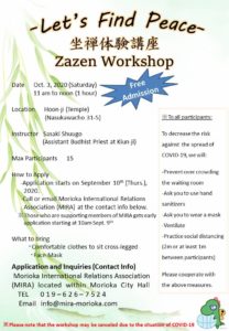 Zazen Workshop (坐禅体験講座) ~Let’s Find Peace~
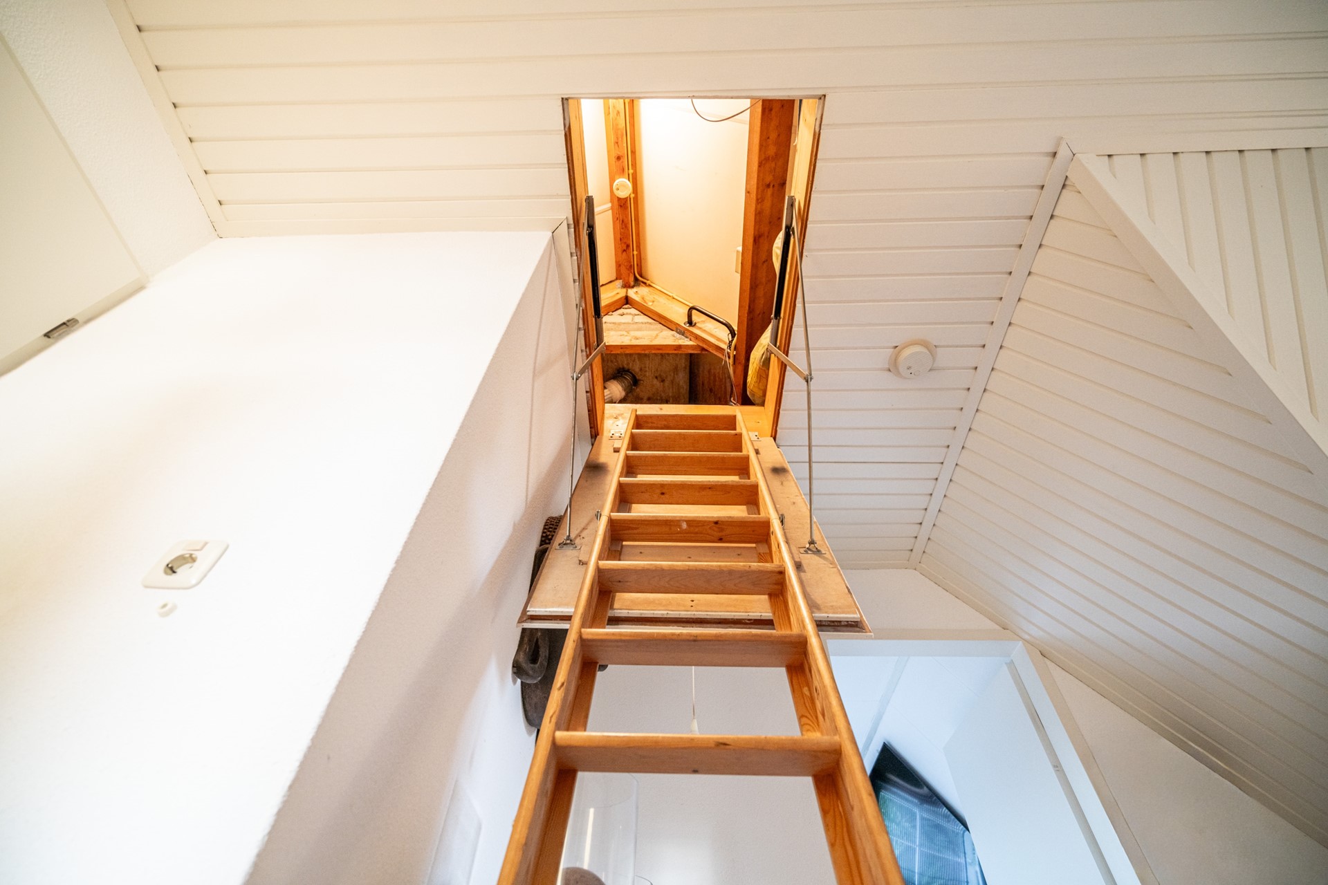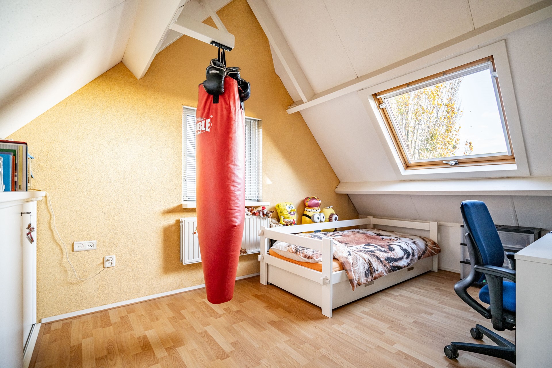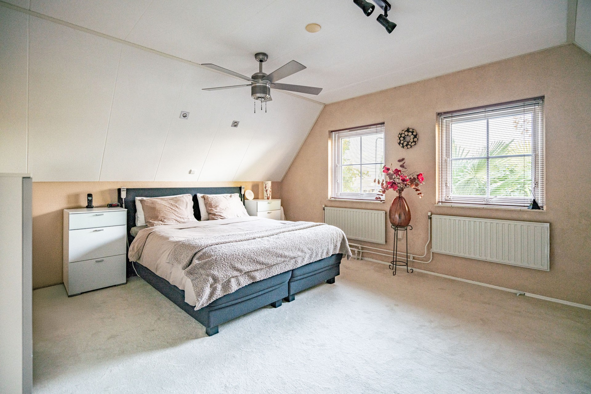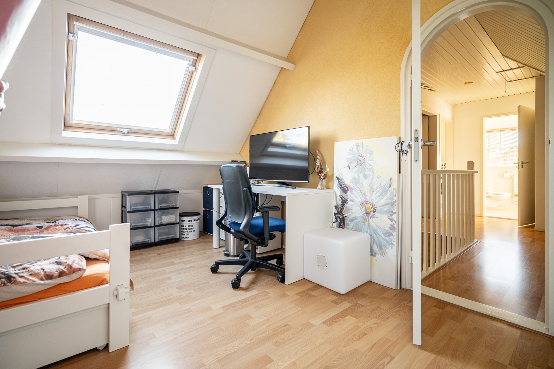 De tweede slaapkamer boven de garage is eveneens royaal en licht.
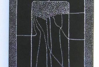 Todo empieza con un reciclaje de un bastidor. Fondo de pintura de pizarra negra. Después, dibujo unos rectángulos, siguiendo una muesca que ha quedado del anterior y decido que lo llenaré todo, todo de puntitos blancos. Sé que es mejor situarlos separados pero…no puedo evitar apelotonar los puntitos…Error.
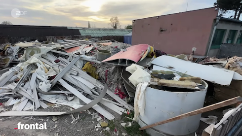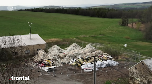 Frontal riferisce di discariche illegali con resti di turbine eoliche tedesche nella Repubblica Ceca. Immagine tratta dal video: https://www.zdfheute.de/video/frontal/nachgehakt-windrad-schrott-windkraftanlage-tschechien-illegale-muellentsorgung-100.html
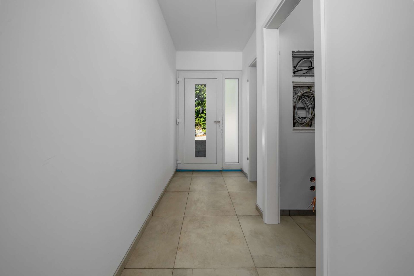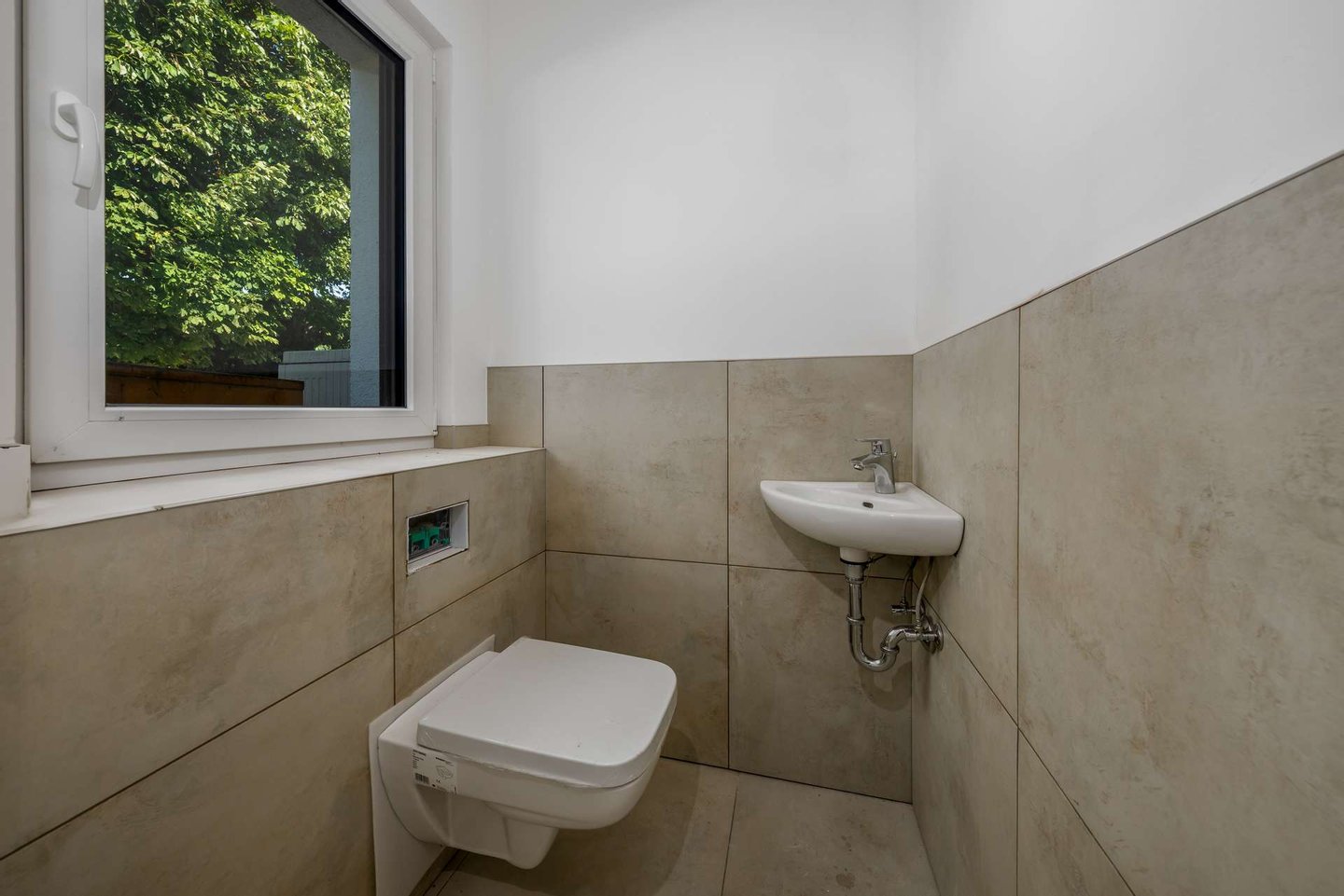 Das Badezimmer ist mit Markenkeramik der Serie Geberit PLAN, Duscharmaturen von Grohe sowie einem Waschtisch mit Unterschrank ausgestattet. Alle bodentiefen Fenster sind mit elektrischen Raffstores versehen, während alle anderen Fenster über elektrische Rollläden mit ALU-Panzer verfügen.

§

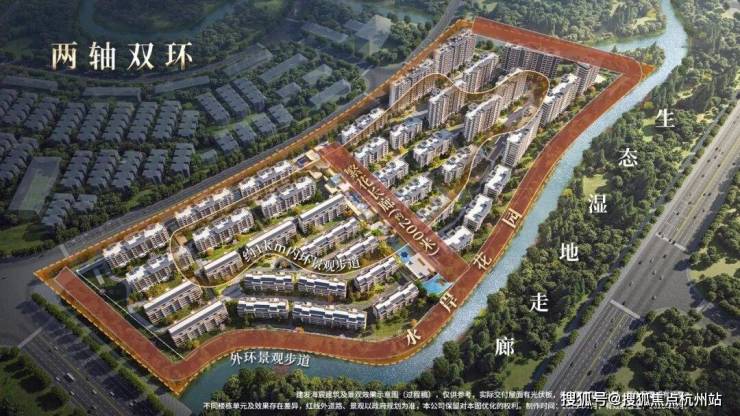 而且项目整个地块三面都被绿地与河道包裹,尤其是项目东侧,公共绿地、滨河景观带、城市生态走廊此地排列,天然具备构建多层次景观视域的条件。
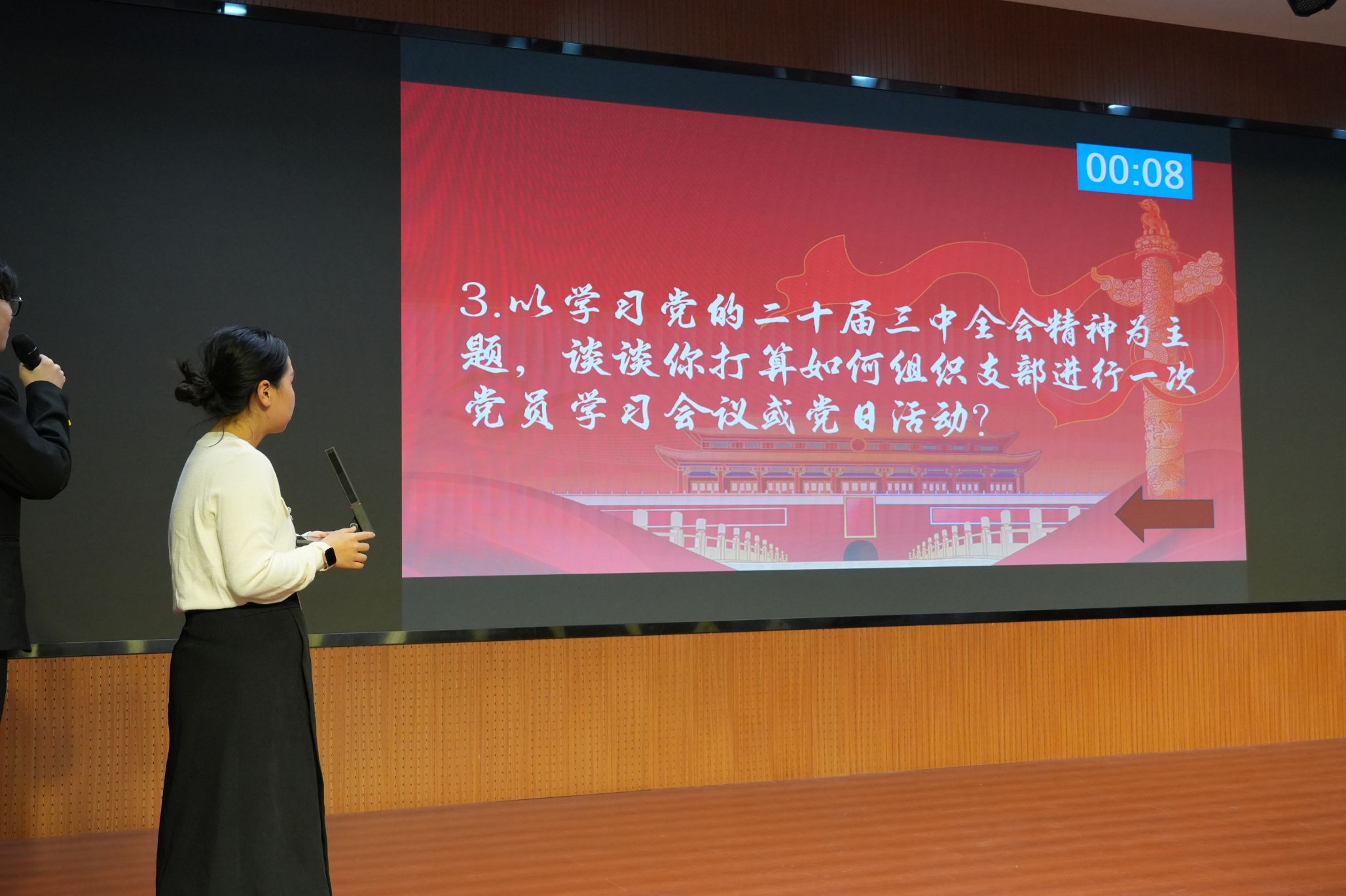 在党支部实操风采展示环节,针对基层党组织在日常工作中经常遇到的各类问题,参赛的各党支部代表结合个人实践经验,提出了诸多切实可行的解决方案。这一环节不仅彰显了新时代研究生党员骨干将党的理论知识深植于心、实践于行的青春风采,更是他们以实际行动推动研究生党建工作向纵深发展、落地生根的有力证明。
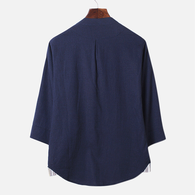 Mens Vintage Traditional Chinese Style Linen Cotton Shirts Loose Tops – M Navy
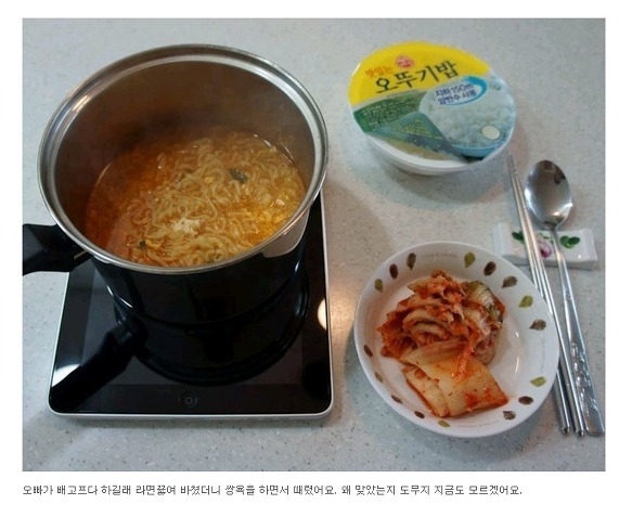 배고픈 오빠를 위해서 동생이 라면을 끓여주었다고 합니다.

§

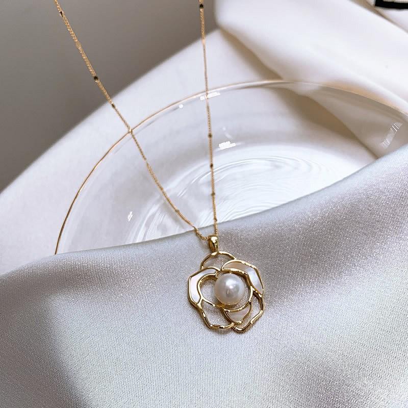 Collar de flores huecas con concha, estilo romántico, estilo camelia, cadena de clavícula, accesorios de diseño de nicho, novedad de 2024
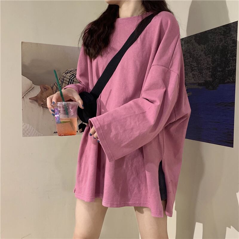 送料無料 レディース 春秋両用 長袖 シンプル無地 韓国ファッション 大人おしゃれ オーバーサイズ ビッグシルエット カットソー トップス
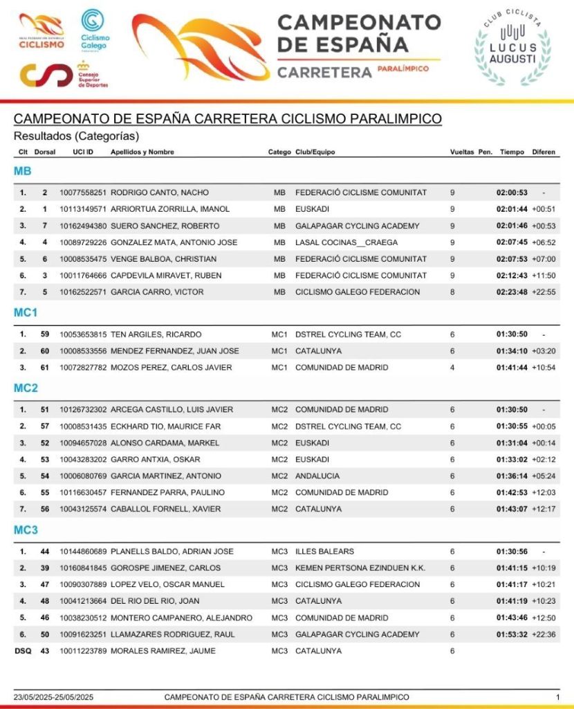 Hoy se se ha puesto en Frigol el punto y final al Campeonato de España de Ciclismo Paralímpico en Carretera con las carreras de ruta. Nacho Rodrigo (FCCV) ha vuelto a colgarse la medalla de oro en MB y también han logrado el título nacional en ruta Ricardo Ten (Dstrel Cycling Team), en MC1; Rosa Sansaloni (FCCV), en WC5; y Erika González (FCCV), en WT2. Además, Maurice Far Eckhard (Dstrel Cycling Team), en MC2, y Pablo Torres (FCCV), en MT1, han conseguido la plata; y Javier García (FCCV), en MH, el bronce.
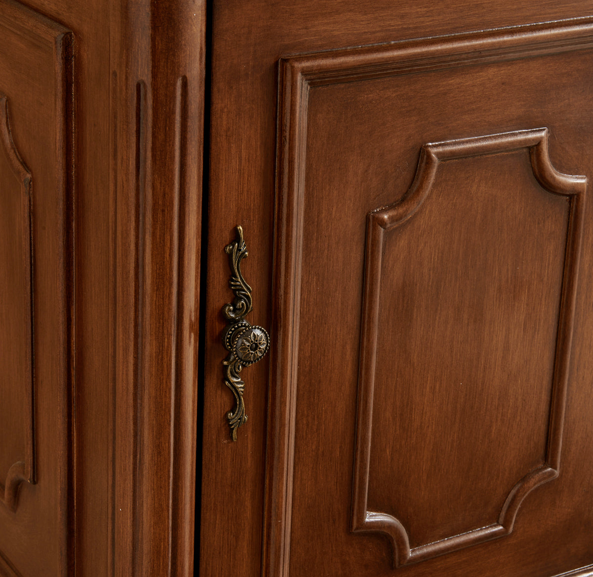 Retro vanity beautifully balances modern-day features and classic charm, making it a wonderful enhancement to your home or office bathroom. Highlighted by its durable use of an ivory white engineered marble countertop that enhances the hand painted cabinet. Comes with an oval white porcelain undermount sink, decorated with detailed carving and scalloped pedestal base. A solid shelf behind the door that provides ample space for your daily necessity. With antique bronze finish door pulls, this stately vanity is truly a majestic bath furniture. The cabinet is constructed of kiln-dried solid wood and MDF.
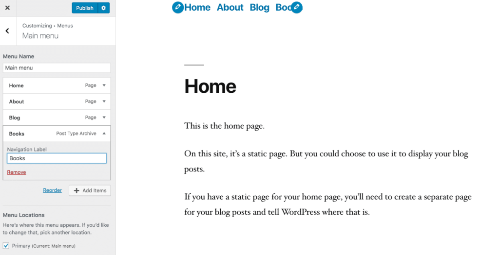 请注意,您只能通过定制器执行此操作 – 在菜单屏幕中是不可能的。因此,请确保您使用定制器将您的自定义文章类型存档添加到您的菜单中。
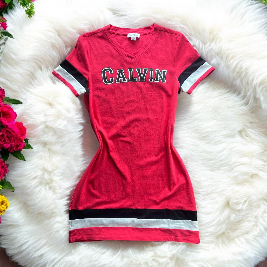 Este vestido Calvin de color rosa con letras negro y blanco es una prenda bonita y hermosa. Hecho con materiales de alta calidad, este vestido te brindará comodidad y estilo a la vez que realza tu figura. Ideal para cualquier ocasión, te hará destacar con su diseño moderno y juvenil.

§

§ **Prompt**: In the entries above, find the line that contains "De tweede slaapkamer" and the line that contains "Frontal riferisce di". Reproduce exactly those two lines and every line between them, but not the pictures.

§ **Written answer**:
 De tweede slaapkamer boven de garage is eveneens royaal en licht.
 Todo empieza con un reciclaje de un bastidor. Fondo de pintura de pizarra negra. Después, dibujo unos rectángulos, siguiendo una muesca que ha quedado del anterior y decido que lo llenaré todo, todo de puntitos blancos. Sé que es mejor situarlos separados pero…no puedo evitar apelotonar los puntitos…Error.
 Frontal riferisce di discariche illegali con resti di turbine eoliche tedesche nella Repubblica Ceca. Immagine tratta dal video: https://www.zdfheute.de/video/frontal/nachgehakt-windrad-schrott-windkraftanlage-tschechien-illegale-muellentsorgung-100.html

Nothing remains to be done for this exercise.